# Starter Notebook

In [None]:
# Importing necessary libraries
import os
import torch
from transformers import RobertaModel, RobertaTokenizer, TrainingArguments, Trainer, DataCollatorWithPadding, RobertaForSequenceClassification
from peft import LoraConfig, get_peft_model, PeftModel
from datasets import load_dataset, Dataset, ClassLabel
import pickle

In [None]:
device = torch.device("cuda" if torch.cuda.is_available() else "cpu")
print(f"Using device: {device}")

Using device: cuda


## Load Tokenizer and Preprocess Data

In [None]:
#Initialise the RoBERTa base model
base_model = 'roberta-base'

#Load the AGNews dataset using the Hugging Face datasets library
dataset = load_dataset('ag_news', split='train')

# Load the tokenizer associated with the RoBERTa base model
tokenizer = RobertaTokenizer.from_pretrained(base_model)

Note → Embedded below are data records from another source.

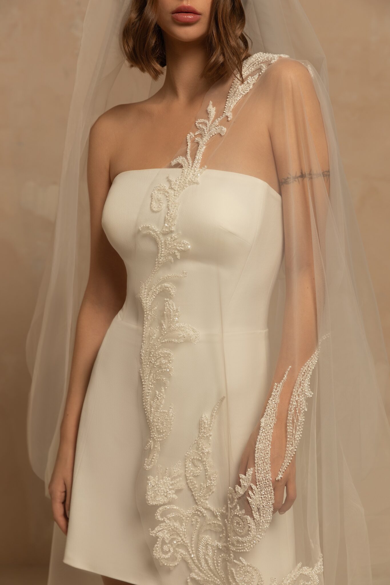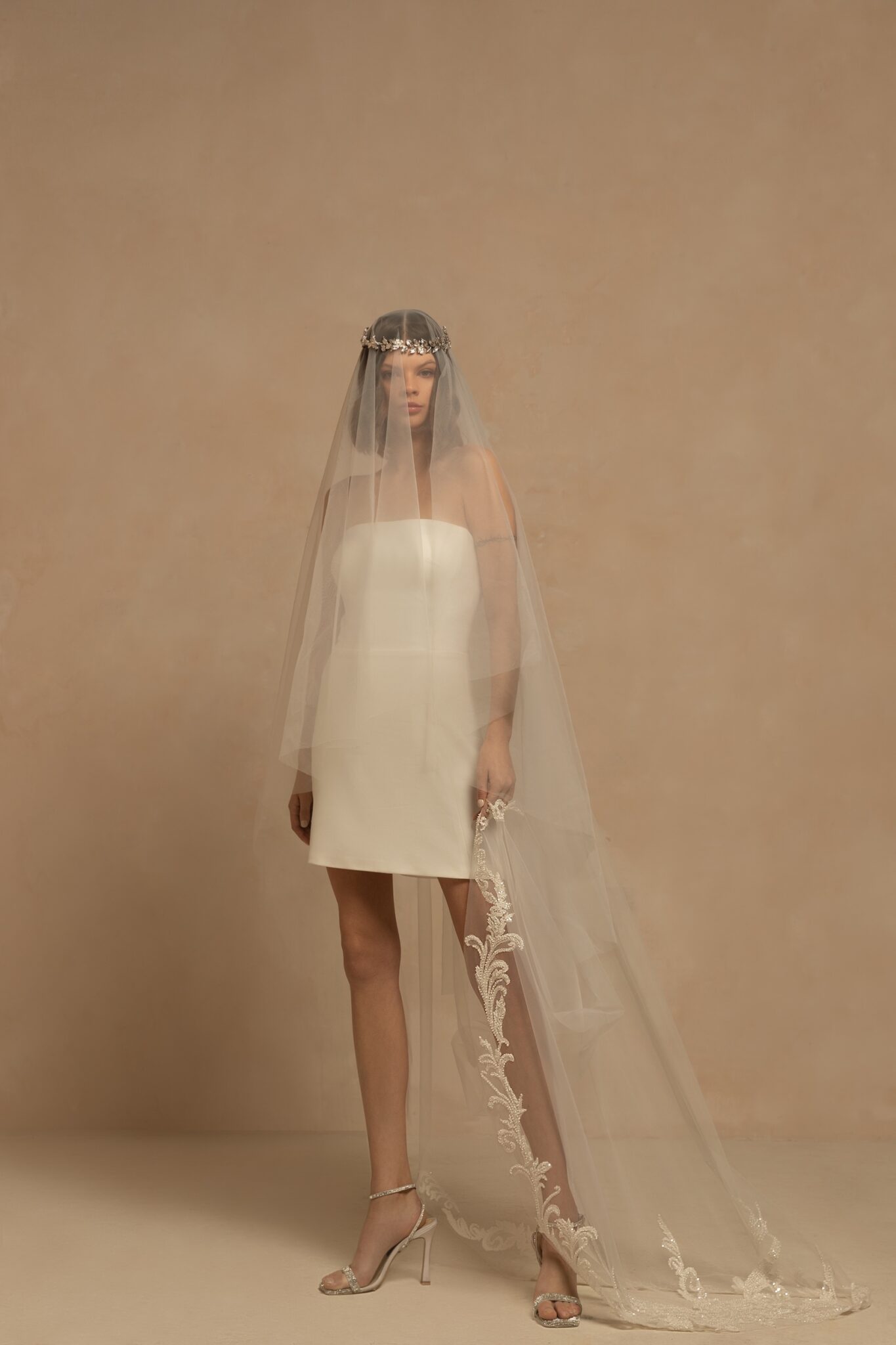 Надзвичайно розкішна одношарова весільна фата з тюлю, прикрашена вишуканим мереживом з бісером на краях. Може бути носитись як вуаль мантилья. Доступна в катедральній довжині 3 метри. Завдяки згорнутому назад виглядає як дві шари.
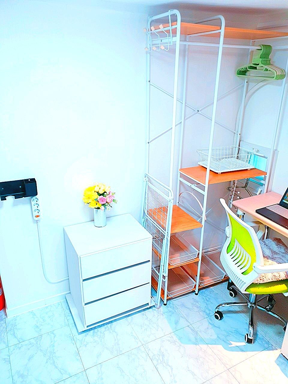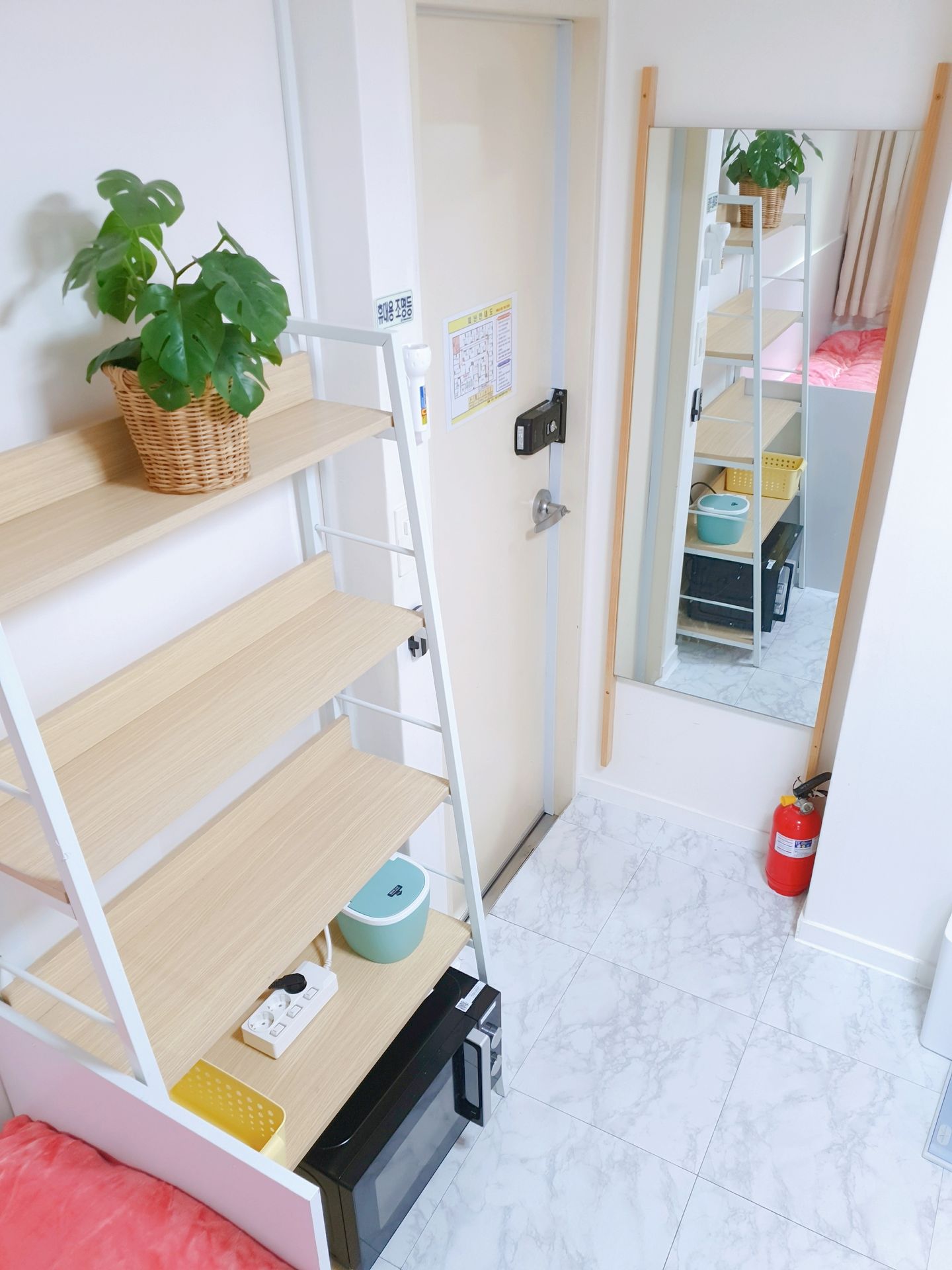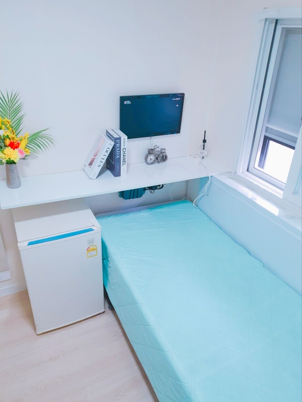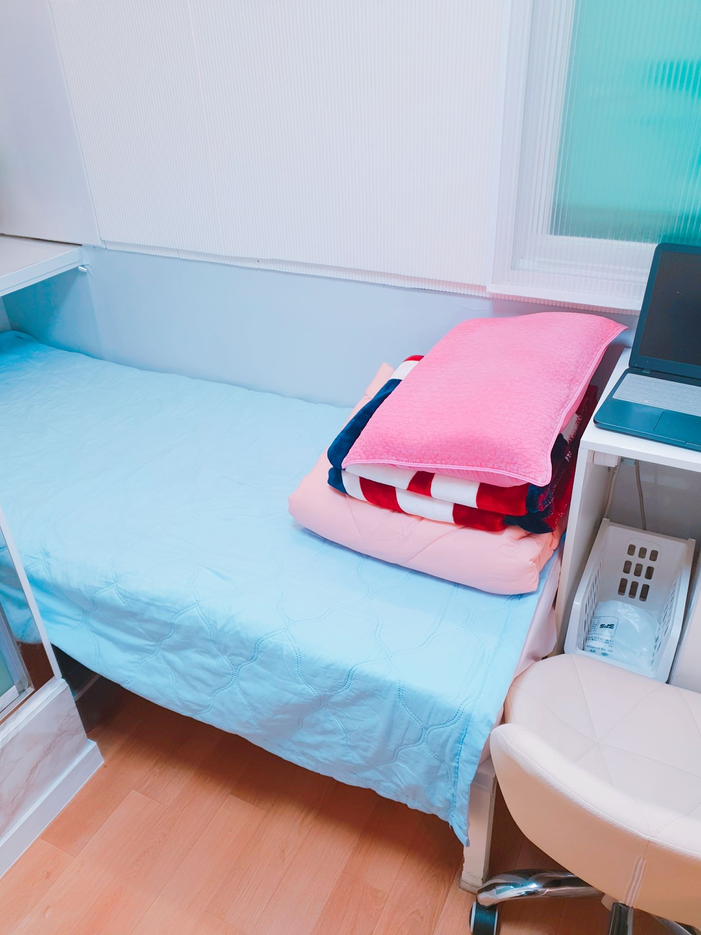 3. 최근 인수후 개별에어콘을 원룸과 외창방미니룸에 설치하고, 침대 높이를 높여 침대 아래에도 캐리어,박스 등 개인용품을 보관할수 있게 새단장을 하여 세련되고 깔끔.
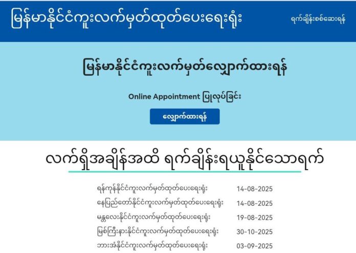 ရန်ကုန်နိုင်ငံကူး လက်မှတ်ထုတ်ပေးရေးရုံး၊ နေပြည်တော်နိုင်ငံကူးလက်မှတ်ထုတ်ပေးရေးရုံး၊ မော်လမြိုင်နိုင်ငံကူးလက်မှတ်ထုတ်ပေးရေးရုံး၊ စစ်တွေနိုင်ငံကူးလက်မှတ်ထုတ်ပေးရေးရုံး၊ ပုသိမ်နိုင်ငံကူးလက်မှတ်ထုတ်ပေးရေးရုံး၊ ပဲခူးနိုင်ငံကူးလက်မှတ်ထုတ်ပေးရေးရုံး၊ မုံရွာနိုင်ငံကူးလက်မှတ်ထုတ်ပေးရေးရုံးတို့တွင် နိုင်ငံကူးလက်မှတ်ကိစ္စနှင့် ပတ်သက်၍ ဩဂုတ် (၁၄) ရက်သို့ ရက်ချိန်းပေးထားပြီး မကွေးနိုင်ငံကူးလက်မှတ်ထုတ်ပေးရေးရုံး၊ မန္တလေးနိုင်ငံကူးလက်မှတ်ထုတ်ပေးရေးရုံး၊ တောင်ကြီးနိုင်ငံကူးလက်မှတ်ထုတ်ပေးရေးရုံး၊ ထားဝယ်နိုင်ငံကူးလက်မှတ်ထုတ်ပေးရေးရုံး၊ ကျိုင်းတုံနိုင်ငံကူးလက်မှတ်ထုတ်ပေးရေးရုံးတို့တွင် ဩဂုတ် (၁၅) ရက်မှ ဩဂုတ် (၂၉)ရက်အထိ နှစ်ပတ်အတွင်း ရက်ချိန်းများချိန်းဆိုထားကြောင်း သိရသည်။

# Define a preprocessing function to tokenize the input text
def preprocess(examples):
    tokenized = tokenizer(examples['text'], truncation=True, padding=True)
    return tokenized

# Apply the preprocessing function to the entire dataset using batched processing
tokenized_dataset = dataset.map(preprocess, batched=True,  remove_columns=["text"])
# Rename the "label" column to "labels" to match the expected input format for most Hugging Face models
tokenized_dataset = tokenized_dataset.rename_column("label", "labels")

In [None]:
# Extract the number of classess and their names
num_labels = dataset.features['label'].num_classes
class_names = dataset.features["label"].names
print(f"number of labels: {num_labels}")
print(f"the labels: {class_names}")

# Create a mapping from label IDs to label names
id2label = {i: label for i, label in enumerate(class_names)}

# Pad inputs in a batch to the same length and return PyTorch tensors
data_collator = DataCollatorWithPadding(tokenizer=tokenizer, return_tensors="pt")


number of labels: 4
the labels: ['World', 'Sports', 'Business', 'Sci/Tech']


## Load Pre-trained Model
Set up config for pretrained model and download it from hugging face

In [None]:
model = RobertaForSequenceClassification.from_pretrained(
    base_model,
    id2label=id2label)
model

Some weights of RobertaForSequenceClassification were not initialized from the model checkpoint at roberta-base and are newly initialized: ['classifier.dense.bias', 'classifier.dense.weight', 'classifier.out_proj.bias', 'classifier.out_proj.weight']
You should probably TRAIN this model on a down-stream task to be able to use it for predictions and inference.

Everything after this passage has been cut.